| Work instruction |
The word to look for is "avec". Report every line of the entries below that has it.

| Entries provided |
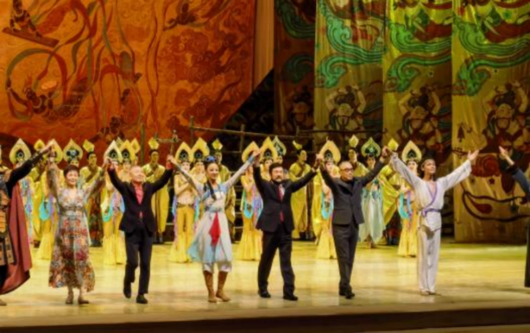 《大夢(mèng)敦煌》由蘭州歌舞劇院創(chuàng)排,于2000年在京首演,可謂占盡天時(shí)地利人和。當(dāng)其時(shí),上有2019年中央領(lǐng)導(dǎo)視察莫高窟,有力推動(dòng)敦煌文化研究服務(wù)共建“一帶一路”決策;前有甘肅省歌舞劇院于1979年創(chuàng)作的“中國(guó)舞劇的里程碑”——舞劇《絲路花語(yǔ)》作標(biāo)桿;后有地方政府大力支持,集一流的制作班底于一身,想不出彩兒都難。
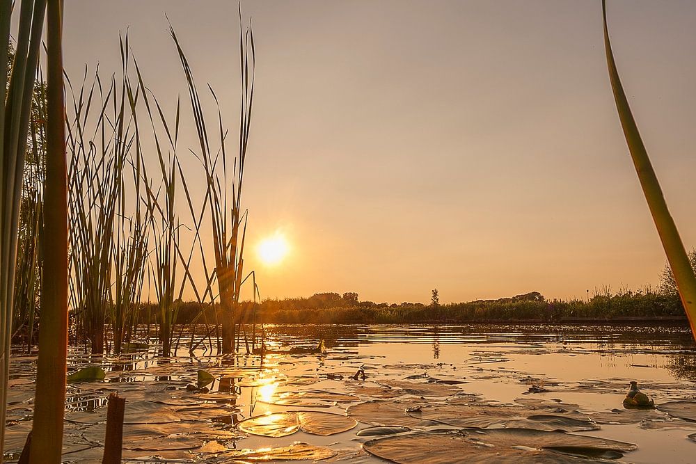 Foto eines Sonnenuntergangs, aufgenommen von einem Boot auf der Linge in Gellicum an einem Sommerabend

--

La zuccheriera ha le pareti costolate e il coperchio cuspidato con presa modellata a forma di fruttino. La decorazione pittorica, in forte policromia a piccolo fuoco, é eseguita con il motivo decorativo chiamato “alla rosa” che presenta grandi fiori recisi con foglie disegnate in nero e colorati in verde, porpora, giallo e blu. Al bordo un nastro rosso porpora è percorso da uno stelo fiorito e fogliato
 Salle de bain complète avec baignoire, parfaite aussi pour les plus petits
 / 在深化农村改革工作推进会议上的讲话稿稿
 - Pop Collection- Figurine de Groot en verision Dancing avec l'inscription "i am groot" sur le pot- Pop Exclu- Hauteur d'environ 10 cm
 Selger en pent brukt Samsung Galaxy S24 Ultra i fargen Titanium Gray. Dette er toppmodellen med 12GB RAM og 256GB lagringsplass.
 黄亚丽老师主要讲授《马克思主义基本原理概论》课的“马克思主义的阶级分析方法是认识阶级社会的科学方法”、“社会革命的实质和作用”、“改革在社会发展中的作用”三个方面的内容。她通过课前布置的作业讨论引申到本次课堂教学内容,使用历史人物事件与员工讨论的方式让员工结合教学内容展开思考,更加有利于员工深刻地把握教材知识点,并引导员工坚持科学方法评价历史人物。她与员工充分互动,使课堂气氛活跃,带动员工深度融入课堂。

* * *

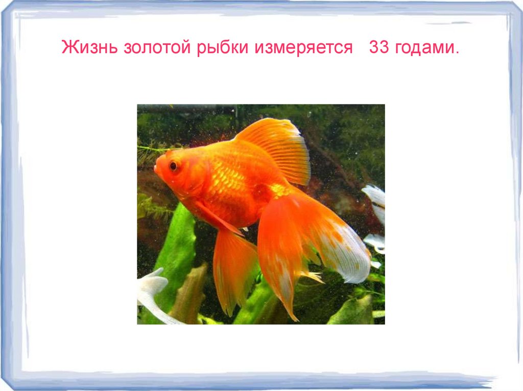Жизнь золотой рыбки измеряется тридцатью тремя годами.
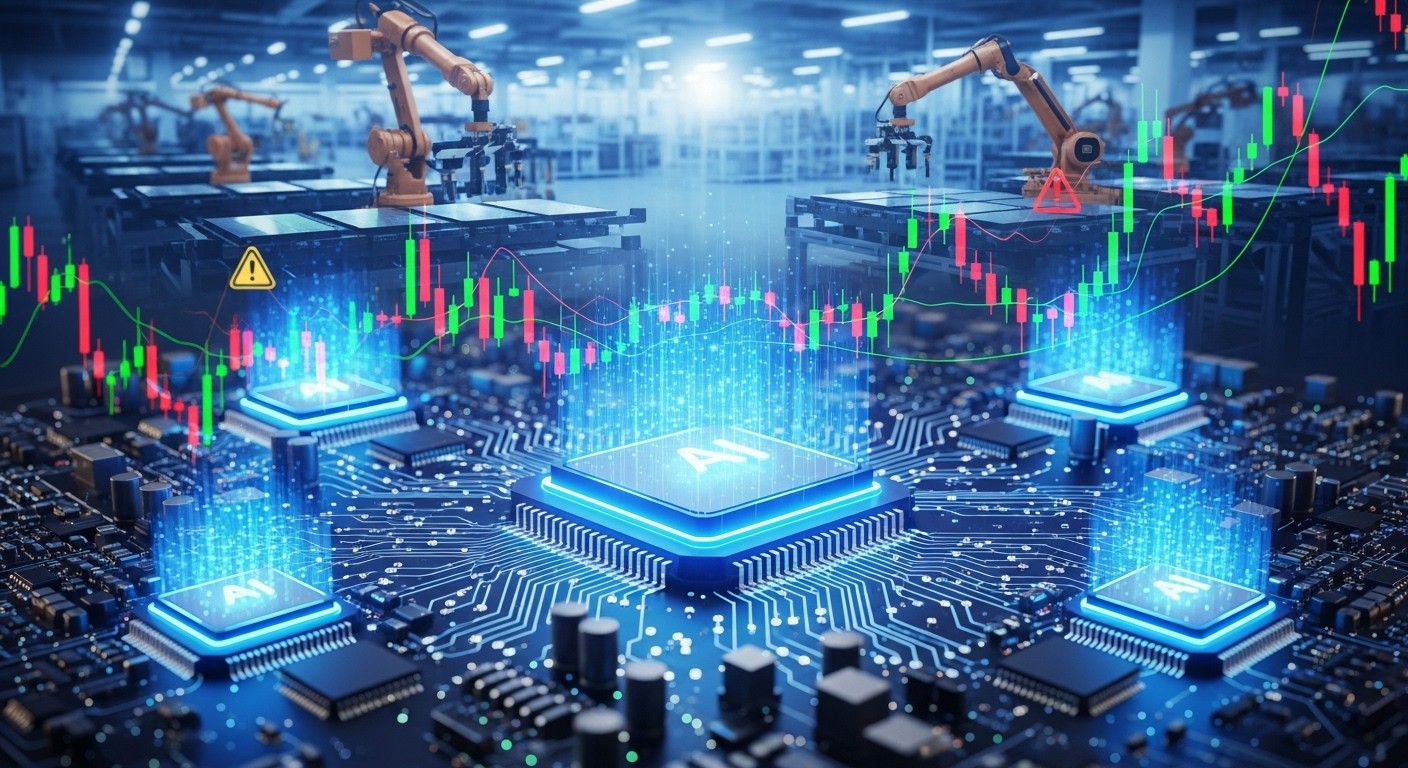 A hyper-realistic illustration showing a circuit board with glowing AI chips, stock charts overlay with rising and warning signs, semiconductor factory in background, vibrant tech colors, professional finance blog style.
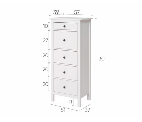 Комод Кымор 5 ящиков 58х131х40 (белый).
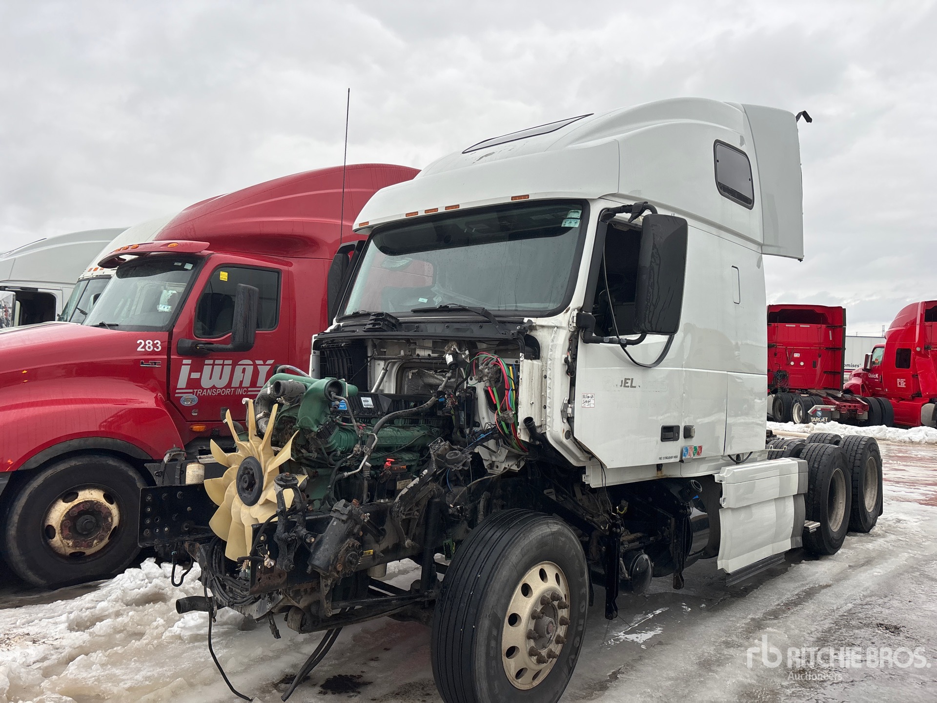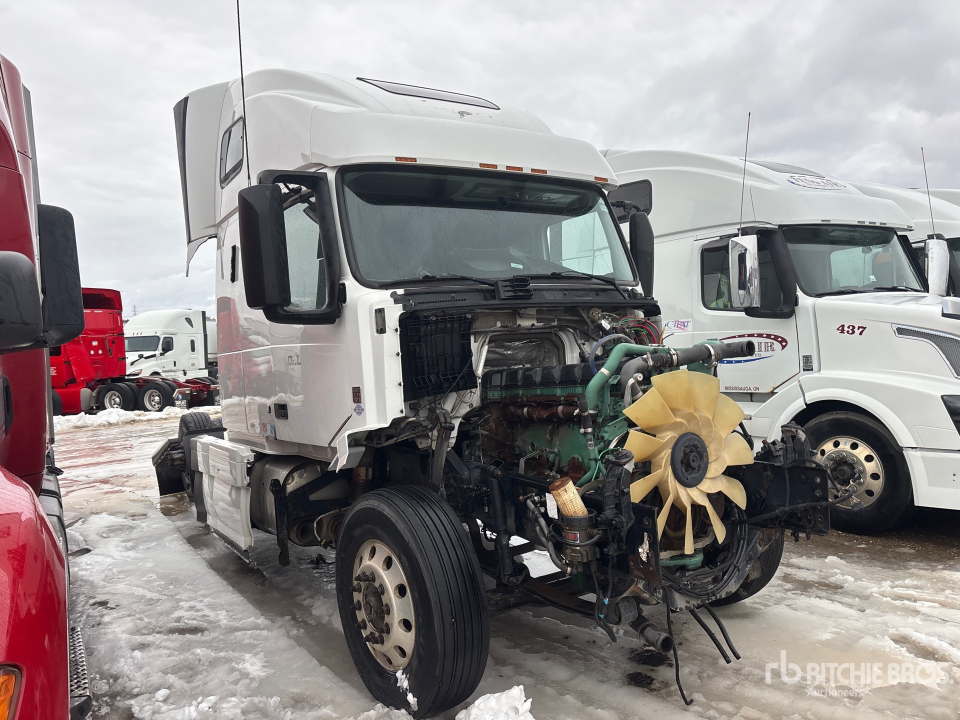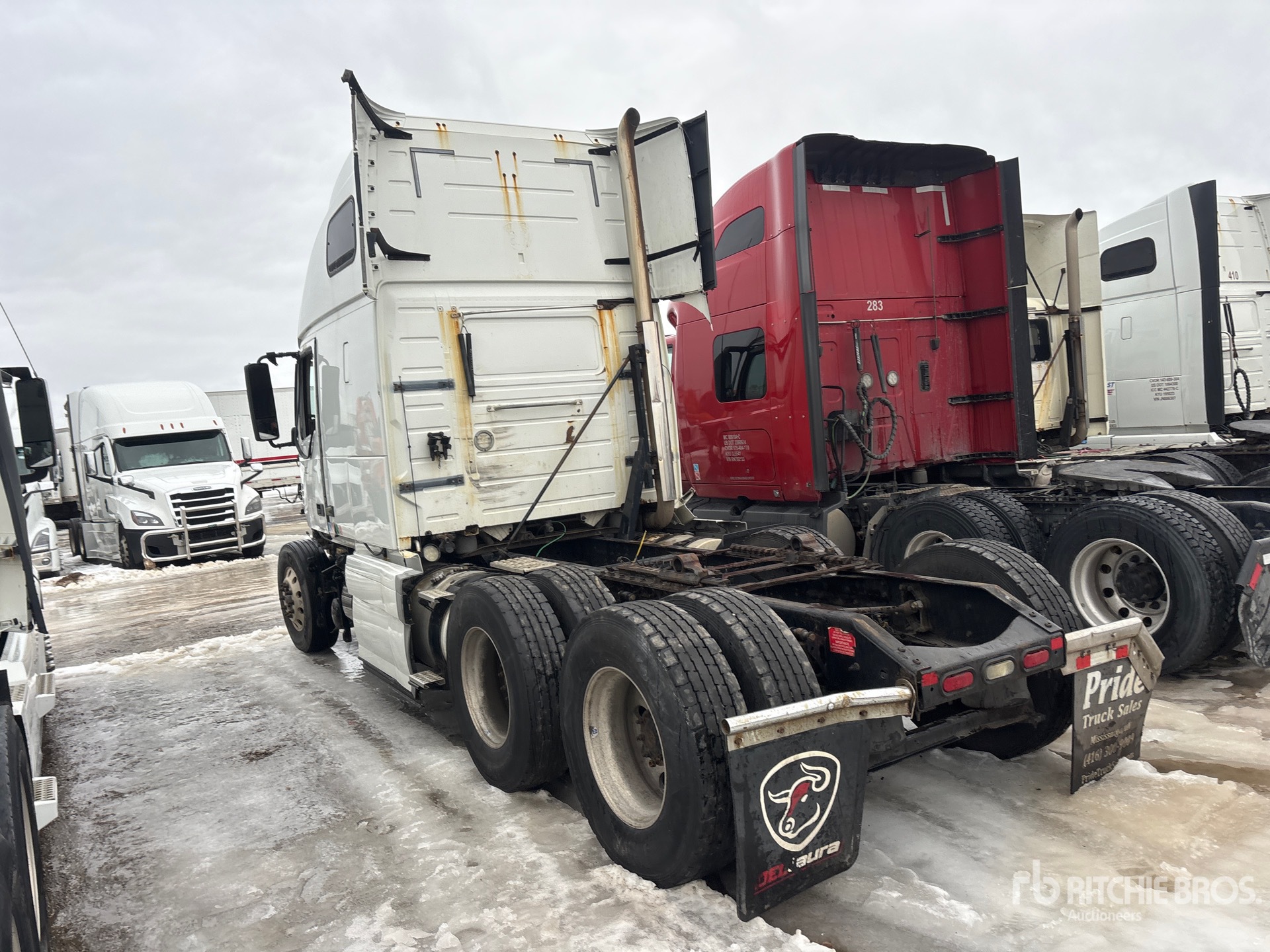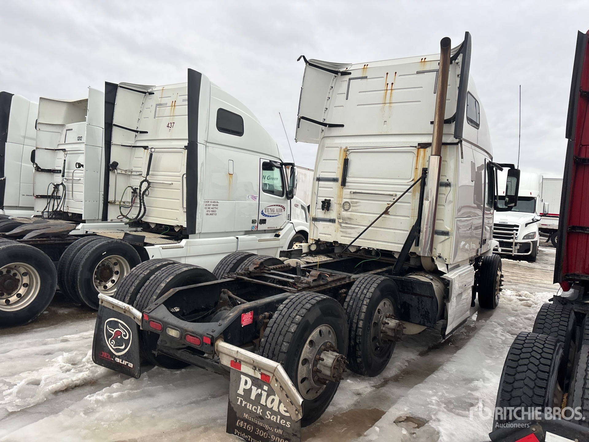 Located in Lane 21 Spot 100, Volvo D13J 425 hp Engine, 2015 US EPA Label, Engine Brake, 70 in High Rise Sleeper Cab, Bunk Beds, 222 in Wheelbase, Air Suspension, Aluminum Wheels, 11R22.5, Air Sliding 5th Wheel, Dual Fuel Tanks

| Finished task |
 Salle de bain complète avec baignoire, parfaite aussi pour les plus petits
 - Pop Collection- Figurine de Groot en verision Dancing avec l'inscription "i am groot" sur le pot- Pop Exclu- Hauteur d'environ 10 cm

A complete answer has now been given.